Nel 2024, DreamWorks ci ha deliziati fornendoci un capolavoro dell’animazione cinematografica.

"Il Robot Selvaggio" (The Wild Robot) è una pellicola di 102 minuti scritta e diretta da Chris Sanders, un adattamento del romanzo di Peter Brown. Una nave aerea di un’agenzia chiamata Universal Dynamics, durante un tifone, perde in un’isola disabitata dall’essere umano sei esemplari di robot multiuso ROZZUM. Solo uno dei robot rimarrà illeso dalla caduta: l’unità ROZZUM 7134, soprannominata “Roz”. Il robot è programmato per aiutare in qualsiasi compito che gli venga assegnato; perciò, cerca qualunque stratagemma per rivelarsi utile agli animali che abitano l’isola, arrivando perfino a passare giorni interi per decifrare e tradurre il loro linguaggio. Purtroppo, questi ultimi vedevano Roz come un mostro da evitare. Pertanto, non trovando nessuno che accetti il suo aiuto nell’isola, Roz cerca di attivare il suo trasmettitore per far sapere ai suoi creatori di essersi persa, ma un numeroso gruppo di procioni glielo ruba perché attratto dai materiali scintillanti. Roz riesce nell’impresa di riprenderlo, ma disturba la quiete di un orso che decide di attaccarla. Mentre fugge, uccide per sbaglio una famiglia di oche, lasciando intatto un solo uovo.
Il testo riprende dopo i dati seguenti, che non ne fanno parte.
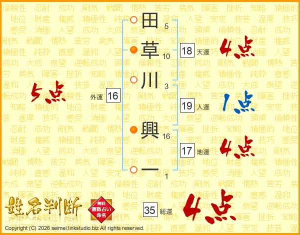 田(5画)草(10画)川(3画) 興(16画)一(1画)
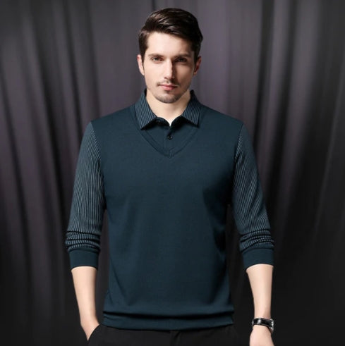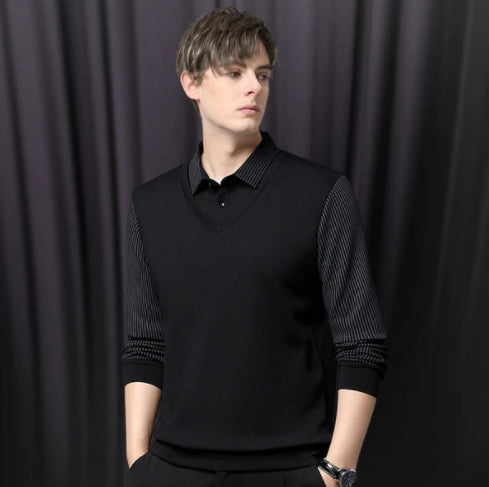 đ Lapel faux tvĂ„delad stickad skjorta herr
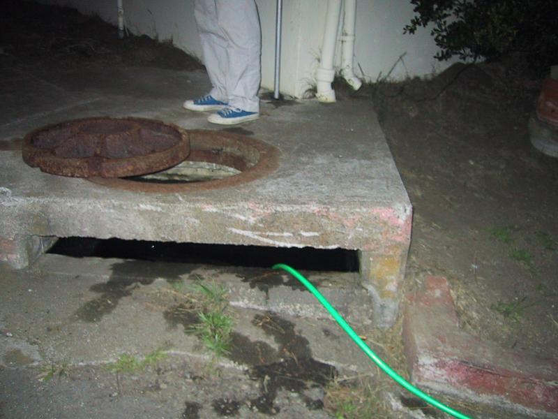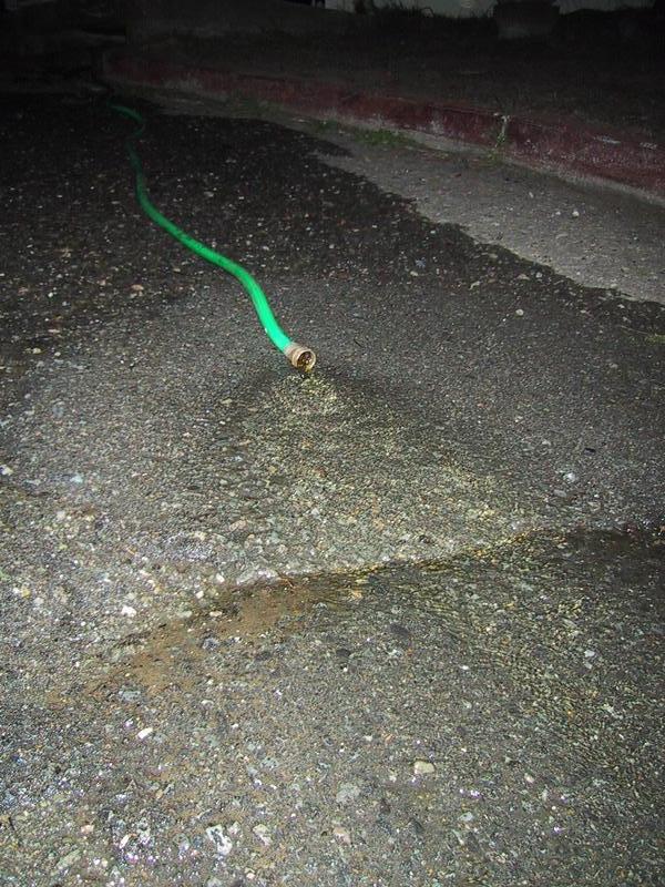 Everyone knows that Mosquitoes need standing water to breed. And lo and behold, by our little community in the Presidio, there's a holding basin for the storm sewer, a three foot deep pool of standing water. I hate mosquitoes, so Mike Warner and I embarked upon a public health/engineering project. Borrowing my roommate's water hose, I put the hose in the pool, held one end tight against my hand, then pulled it out downhill, creating a siphon that will drain the pool and remove the source of mosquitoes. Hazzah!
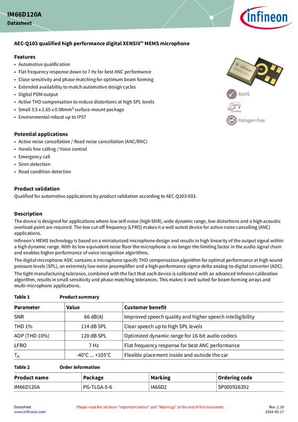 XENSIV™ IM66D120A high performance digital MEMS microphone: best fit for automotive applications in particular Active Noise Cancellation High-performance digital MEMS microphones qualified according to automotive quality standard AEC-Q103-003. They are suited to all applications inside and outside the car, where the best audio performance in harsh environments and a digital PDM interface is required. They also perfectly support acoustic noise cancellation applications with its flat and stable frequency and

Dopo aver protetto l’uovo da una volpe affamata, questo si schiude e ne fuoriesce un pulcino. Questo cucciolo scambia Roz per sua madre e continua a seguirla ovunque lei vada. Nel momento in cui Roz cerca di attivare il trasmettitore per una seconda volta, il pulcino, con una beccata, lo danneggia impedendone il funzionamento. Non avendo più alternative per tornare dai suoi creatori, Roz decide di assumersi il compito di far crescere il pulcino chiamandolo Beccolustro, insieme alla volpe furbastra Fink, che aveva tentato precedentemente di mangiarlo. L’obiettivo del robot adesso è preparare il suo nuovo figlio alla migrazione che avverrà in inverno.

Il film tratta di un bellissimo rapporto madre-figlio che vede protagonisti un essere inanimato, che riesce ad andare oltre la sua programmazione solo per l’amore che prova, e un anatroccolo preso in giro dai suoi simili, cresciuto in un ambiente non suo che gli fa chiedere quale sia il suo posto nel grande cerchio della vita. Ma, questa pellicola nasconde molti altri messaggi importanti. È un film che riesce a parlare di morte e di sopravvivenza, pur rimanendo adatto a un pubblico infantile, perché la speranza e l’unione per un bene comune riesce a sovrastare anche gli aspetti più negativi della vita.

Il regista Chris Sanders e il suo gruppo sono andati oltre la trama e il racconto di Peter Brown, impegnandosi in maniera esemplare verso i confini visivi dell'estetica e dello stile. Il risultato è magnifico ed è un mix tra l’immaginario del regista giapponese Hayao Miyazaki – prendendo per esempio “Il mio vicino Totoro” - e la pittura impressionista - in primis quella di Claude Monet.  “All’inizio temevo che la CG tradizionale ci avrebbe limitato; quindi, abbiamo optato per un aspetto illustrativo e pittorico ispirato ad alcuni dei recenti lavori della DreamWorks in questo stile. "Avevamo bisogno di grazia, potenza e poesia nelle nostre immagini, e tale approccio ha fornito questo e altro ancora” - ha riferito Sanders in un’intervista. “Ci siamo concentrati sulla pittura di profondità, enfatizzando i dettagli impressionistici rispetto al realismo esaustivo. Questa scelta non solo mi ha affascinato per la sua bellezza, ma ha anche conferito alle scene un accresciuto senso di realismo ed emozione.”

Spesso si hanno dei pregiudizi sui film di animazione pensando siano solo per bambini, ma non è affatto così. Quest’opera è godibile per tutte le fasce di età, sia per la storia sia per le spettacolari animazioni. Se avete del tempo libero, vi consiglio di recuperarne la visione.